Orrick, Herrington & Sutcliffe LLP’s nascent Houston office has gained considerable market share in Latin America thanks to the prominence of the partners and team it has assembled there. The broad projects and energy practice has notable strength in renewables, conventional power, transport infrastructure, and midstream and downstream oil and gas. Mexico is a core focus for the team (the group includes three Mexico-licensed attorneys), but it is also active in Central America, Colombia, Peru, Brazil and Uruguay. A team led by George Humphrey represented Proman (and its subsidiaries G2X Energy and Gas y Petroquímica de Occidente) in the development of a $1.3bn petrochemical facility in Mexico, with the firm advising on the arrangements and structure of natural gas supply from the US to the site in Mexico. It also continued to advise EDP Renewables on the development and construction of a 200MW wind farm in Coahuila, Mexico. Carlos Treistman and Rodrigo Dominguez head the Latin America practice, which includes key partners George Humphrey, Blake Winburne and Matthew Archer. Paris partner Yves Lepage is also active in the region and advised VINCI Airports on its purchase of regional airports in Colombia. All partners are based in Houston unless stated otherwise.

Squire Patton Boggs is noted for renewable energy and oil and gas projects in Mexico. Midstream natural gas pipeline-matters are a particular forte of the team, most notably head of the Mexico desk Alvaro Mestre. Fellow Washington DC partner Paul O’Hop is also active in the Latin America region, including in Mexico, Central America, Brazil and Argentina. Houston of counsel Fernando Cano-Lasa is a former Pemex in-house counsel.
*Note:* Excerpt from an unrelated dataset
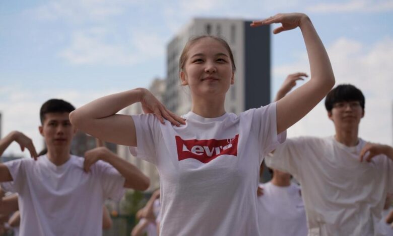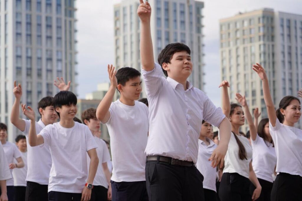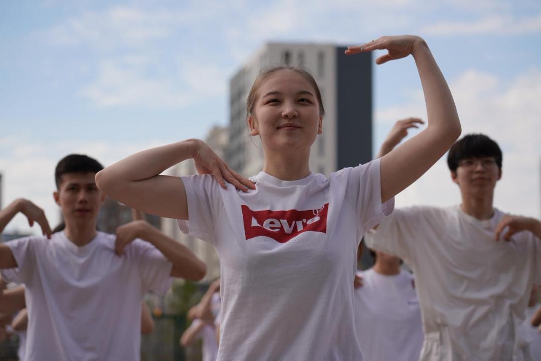 Бірыңғай флешмоб барысында оқушылар тазалық пен салауатты өмір салтын дәріптейтін түрлі спорттық би қойылымдарын қойып, ұжымдық әрекеттер ұйымдастырды.

The firm also has an office in the Dominican Republic.

Winston & Strawn LLP’s growing Latin America team has a fine record in project finance, including in energy and infrastructure. The firm is ‘top of the pile’ according to one client who suggests that ‘the level of service is exemplary’ with the team ‘clearly understanding clients’ goals’ and delivering on ‘highly structured project finance’ matters. Operating at the forefront of industry trends, it advised the note purchasers in the $412m private placement by Chile’s Inversiones Latin America Power. Claude Serfilippi is ‘extremely responsive’ and ‘draws on his experience to apply concepts from various aspects of his work to create solutions’.